Reputation: 53551
Walter Bright's article on C++ Compilation talks about these two phrases
"Conversion to preprocessing tokens."
What is the initial token? What does a preprocessing token look like?
"Conversion of preprocessing tokens to C++ tokens" What is this C++ Token and why wasn't it converted into it at first?
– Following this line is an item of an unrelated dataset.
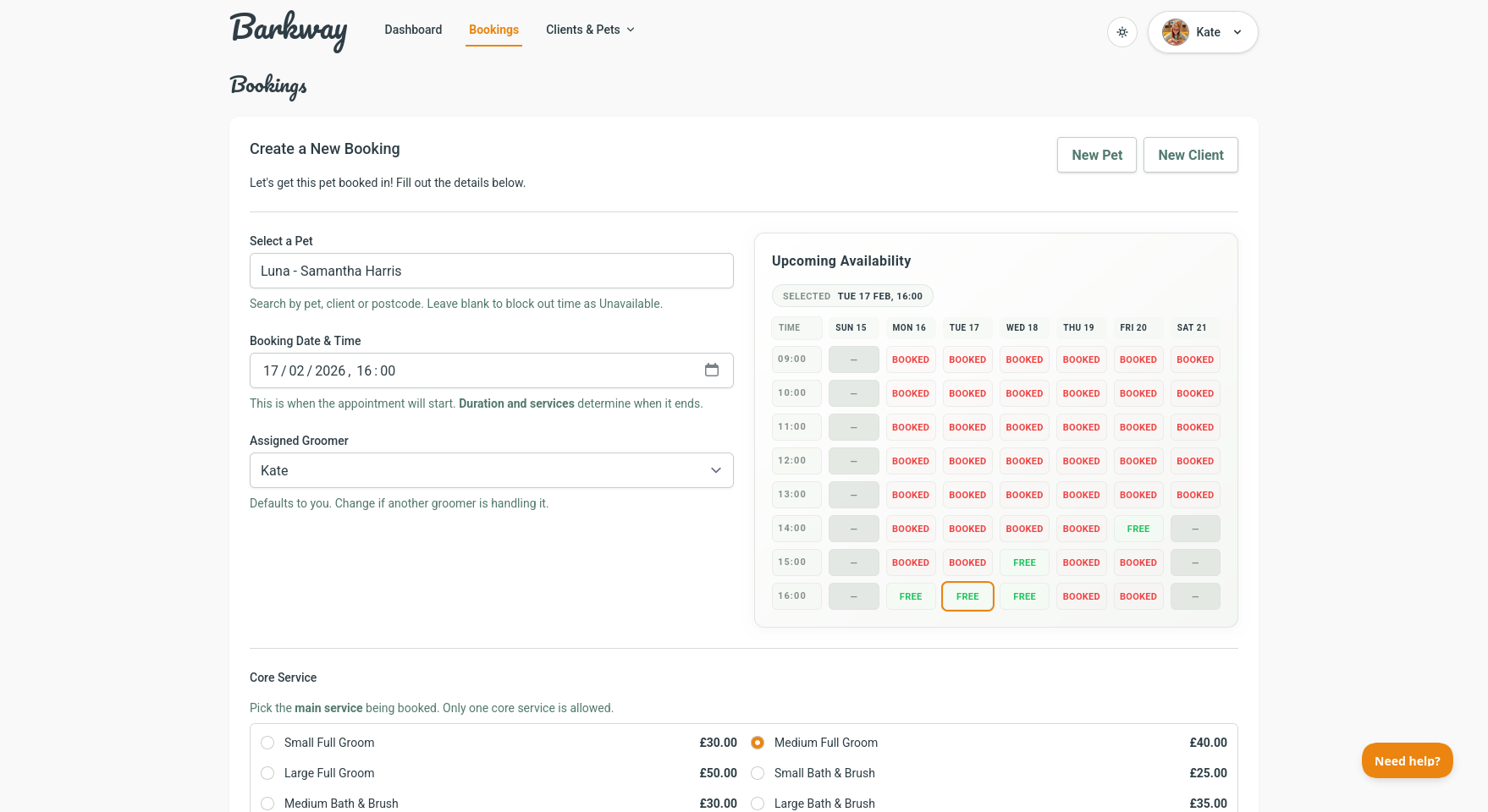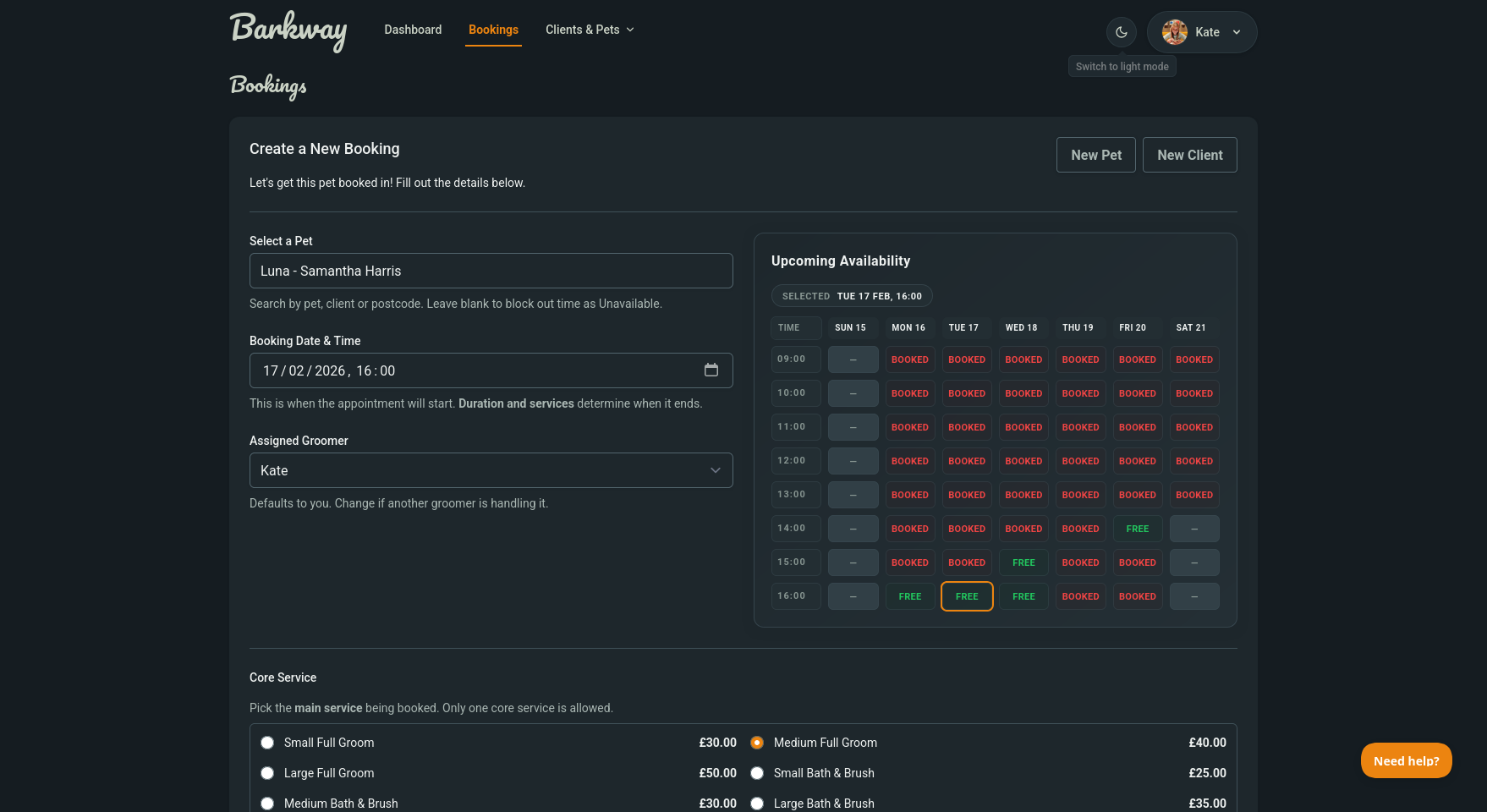 With your first booking saved, you’re officially up and running in Barkway. Either have a play around and figure things out (we promise it's easy) or dive into the Features and become a Barkway expert in no time.

Reference: http://www.drdobbs.com/blogs/cpp/228701711
Upvotes: 3
Views: 2103
Reputation: 4143
A simplier explanation.
And, you may know, many compilers, have a lexical analysis process, where the source code is split in tokens.
This source code:
void main()
{
int x = -3 - -5;
printf("Hello World");
} // void main()
Is transform into something similar to this:
+--------------+------------------+ | TOKEN | TEXT | +--------------+------------------+ | void | "void" | +--------------+------------------+ | identifier | "main" | +--------------+------------------+ | leftcurly | "{" | +--------------+------------------+ | identifier | "int" | +--------------+------------------+ | identifier | "x" | +--------------+------------------+ | assign | "=" | +--------------+------------------+ | minus | "-" | +--------------+------------------+ | integer | "3" | +--------------+------------------+ | minus | "-" | +--------------+------------------+ | minus | "-" | +--------------+------------------+ | integer | "5" | +--------------+------------------+ | semicolon | ";" | +--------------+------------------+ | identifier | "printf" | +--------------+------------------+ | leftpar | "(" | +--------------+------------------+ | string | "Hello World" | +--------------+------------------+ | rightpar | ")" | +--------------+------------------+ | semicolon | ";" | +--------------+------------------+ | rightcurly | "}" | +--------------+------------------+ | comment | "// void main()" | +--------------+------------------+
Each of this pieces of text called "tokens", have a meaning.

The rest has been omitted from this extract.